I did give my opinion to my son on some of his suggestions to name his baby. He asked and I gave my opinion honestly. He was actually considering “Ulysses” or “Aurelius”! I reminded him of how cruel kids can be in school and tease other kids with unusual names. U. S. Grant was called “useless” as a play on his name and went by “Sam”.
In the end, they didn’t choose Ulysses or Aurelius. I don’t like the name they chose but it’s not as bad as those.
Several decades ago (in the 70’s and 80’s) I worked with a male Shannon. Then in my next job (in the 2000’s) I worked with a female Leland. I never asked how their names were chosen.
Have not read much of the thread, but to answer the question posed in the post title…if you like name, say so. If you don’t like the name, simply find something else to comment on (“we’re so happy for you!” or “what a beautiful baby!”). This seems like basic manners 101…
I know a lot of Erin’s including some family members, never met a male. It’s obviously a popular name in the Irish dance community but I don’t think I’ve seen a male Erin on the competitors lists. I’ve never met male Lindsey’s or Tracy’s.
Erin was a popular girls name in my circle. I also grew up with a male Tracy but most in my peer group were women. The only Lindseys I know are also women. The first time I heard Lindsey for a man was Lindsey Graham.

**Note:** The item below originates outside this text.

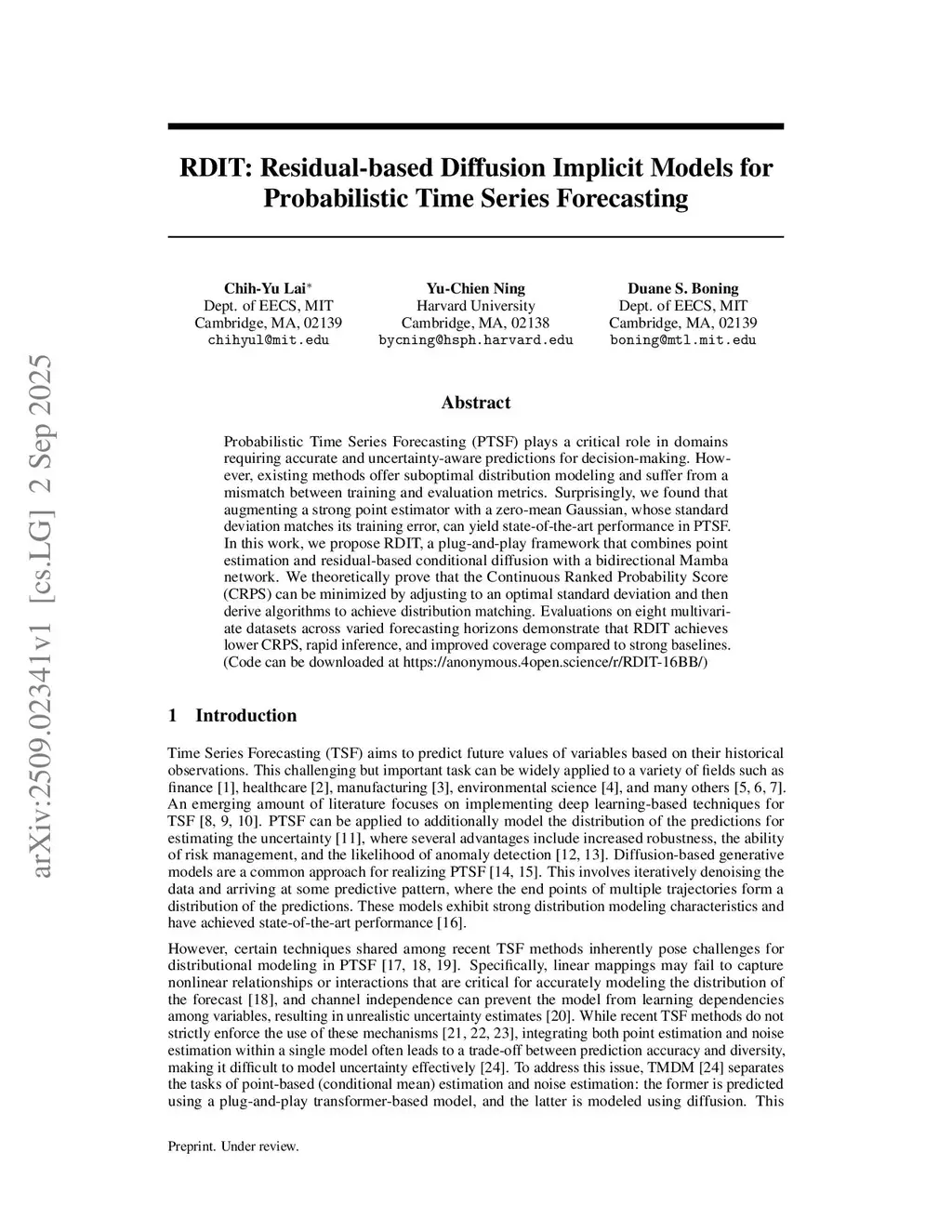 Probabilistic Time Series Forecasting (PTSF) plays a critical role in domains requiring accurate and uncertainty-aware predictions for decision-making. However, existing methods offer suboptimal distribution modeling and suffer from a mismatch between training and evaluation metrics. Surprisingly, we found that augmenting a strong point estimator with a zero-mean Gaussian, whose standard deviation matches its training error, can yield state-of-the-art performance in PTSF. In this work, we propose RDIT, a plug-and-play framework that combines point estimation and residual-based conditional diffusion with a bidirectional Mamba network. We theoretically prove that the Continuous Ranked Probability Score (CRPS) can be minimized by adjusting to an optimal standard deviation and then derive algorithms to achieve distribution matching. Evaluations on eight multivariate datasets across varied forecasting horizons demonstrate that RDIT achieves lower CRPS, rapid inference, and improved coverage compared to strong baselines.
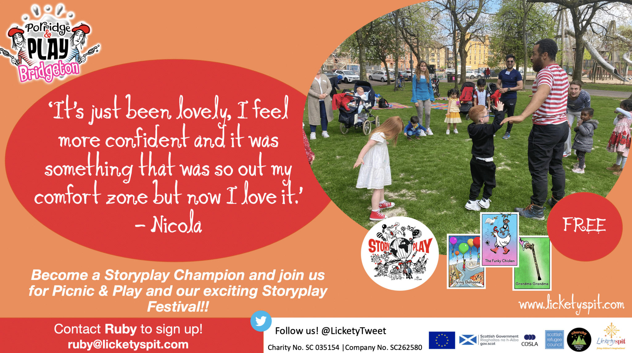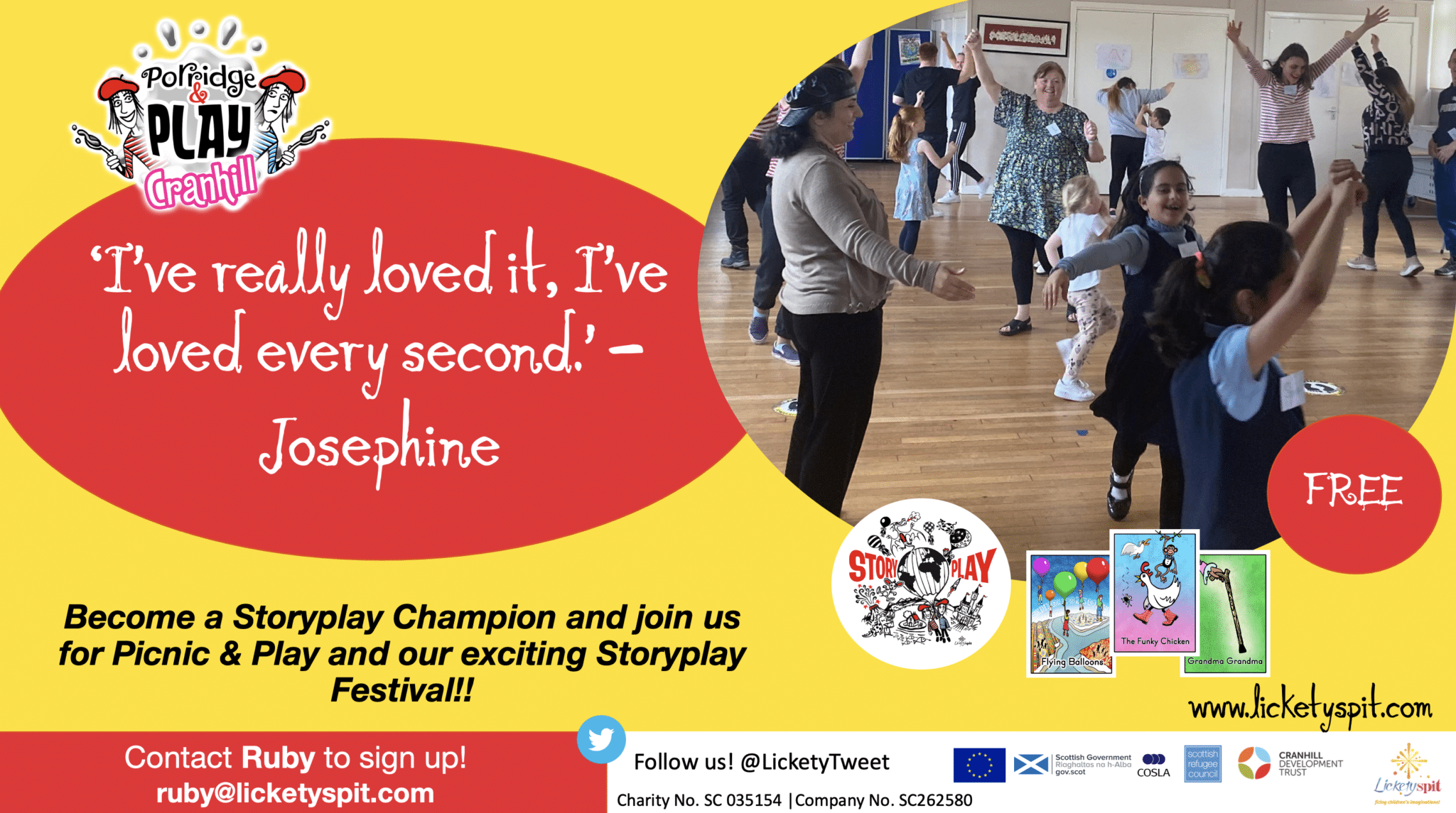 Lickety Volunteers support our actor-pedagogues at Porridge & Play and Picnic & Play sessions and other Storyplay activities!

My mother did not like what were going to name our older daughter, “that’s a boy’s name. All I can think of is (old actor’s name).” I was pretty upset with her. She didn’t mention it more than a couple of times, but 33 years later it’s still annoying even though I can kind of laugh about it. One more of a million things that passed through an almost non-existent filter.
Our second has a name with a common British spelling. Amazing how many variations there are in the spelling.
My youngest sister was given a name that is now fairly popular, albeit with a dozen peculiar spellings. I remember going in to tell her first grade teacher how to pronounce it.
My sister has a friend who did say something (but just once I believe) initially to her son and his wife when they mentioned the first name they were considering. The last name was two syllables starting with P (think Peppey or something like that). They had a first name they were thinking of for their son (2 syllable gender neutral starting with P). She asked them if they were concerned about the kid getting teased , P P jokes, for instance. They weren’t deterred and used the first name starting with P, and then also used a gender neutral P first name for their daughter later!
When immigrants from non-English-speaking countries to the US name their kids, it does appear that the likelihood of giving their kids (or themselves) a “typical American” name is related to the difficulty of getting a reasonable pronunciation of a heritage language name out of English speakers.
One of my kids had a friend whose parents were born in Korea. They had 2 boys a couple years apart and we knew the other kid through a sports activity. They both had names that started the same way( think like Ji Hun and Ji Yoon). I kept it straight in my mind initially by thinking of it alphabetically-the older boy had the H name, the younger one(son’s friend) had the Y name , which was later in the alphabet than H.